Intelligent Decision Support for Target Tracking Analysis and Characterization

Published in AIAA SciTech Forum, 2024

Recommended citation: H. M. Ray, N. Conlon, E. Kravitz, N. Ahmed, I. Thomas, D. A. Szafir, T. Wilson, and L. Montgomery. Intelligent Decision Support for Target Tracking Analysis and Characterization. AIAA 2024. AIAA SCITECH Forum. January 2024. https://arc.aiaa.org/doi/10.2514/6.2024-2582

Abstract: While automation has been increasingly used to process high volumes of satellite remote sensing data, deriving accurate and actionable information from these data streams still requires human analysts.
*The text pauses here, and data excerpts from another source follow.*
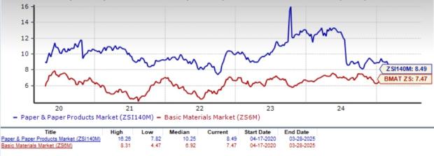 E-commerce & Consumer Products to Support Packaging Demand: Despite the current headwinds, the industry’s exposure to consumer-focused markets, such as food, beverages and healthcare, ensures stable earnings growth. With the rise of e-commerce, packaging has gained the utmost importance as it helps maintain the integrity of the products and withstand the complexities of delivery. According to Statista, global e-commerce revenues are expected to reach $4.3 trillion in 2025 and see a compound annual growth rate (CAGR) of 8% between 2025 and 2029. Turkey is expected to lead, followed by Brazil and India. By 2026, the U.S online retail market is forecast to surpass the $1.5 trillion mark. The China e-commerce market is expected to attain $2 trillion in 2027. This presents a major growth opportunity for the Paper and Related Products industry.
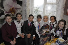 Бөек Җиңүнең 70 еллыгын каршылап... 8 нче сыйныфлар Факия әбине бәйрәмгә чакырдылар. 29.04.2015
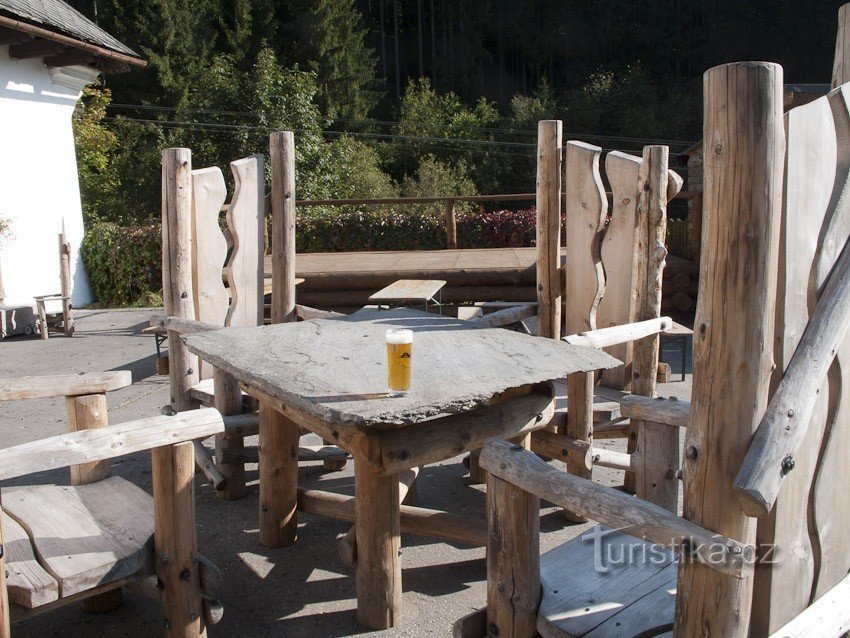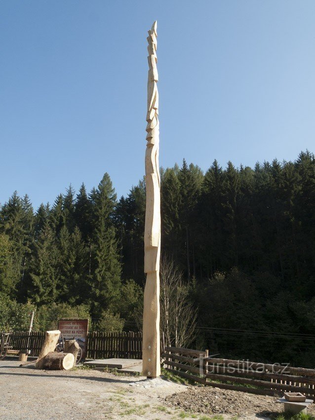 Jak praví i malá tabulka, kterou možná návštěvník objeví někde poblíž, nejvyšší dřevěnou sochu z jednoho kusu v ČR najdeme momentálně v Hanušovicích u hospody Na Rychtě. Spíš než o sochu bych napsal jakýsi dřevěný vyřezávaný artefakt který má výšku 16,4m. Dílo je vyřezáno ze smrku pokáceného někde nad Malou Moravou, lépe řečené nad osadou Sklené, údajně ve výšce 780m n.m. Strom odhadovaného stáří…

Machine learning algorithms are critical for processing large datasets, whereas well trained operators are especially effective at synthesizing information from diverse sources and recognizing unique situations that may require different interpretations of the data. Therefore, combining algorithmic strengths with improved operator awareness is critical for reliable and robust data analysis. This research contributes a suite of algorithms which support the visualization, analysis, and characterization of infrared satellite data. The key components of our Collaborative Analyst-Machine Perception system include a probabilistic classifier, a false data filter, a historical track comparison tool, and an online data recommendation system. These components are integrated into an interactive dashboard and trained on synthetic satellite information that emulates operational challenges. We evaluated our application with six United States Space Force satellite operators in a live scenario with simulated real-time data acquisition. Results indicate that our application is more usable than current operational systems and that the combined human-machine team is capable of more accurate data characterization then the machine system alone.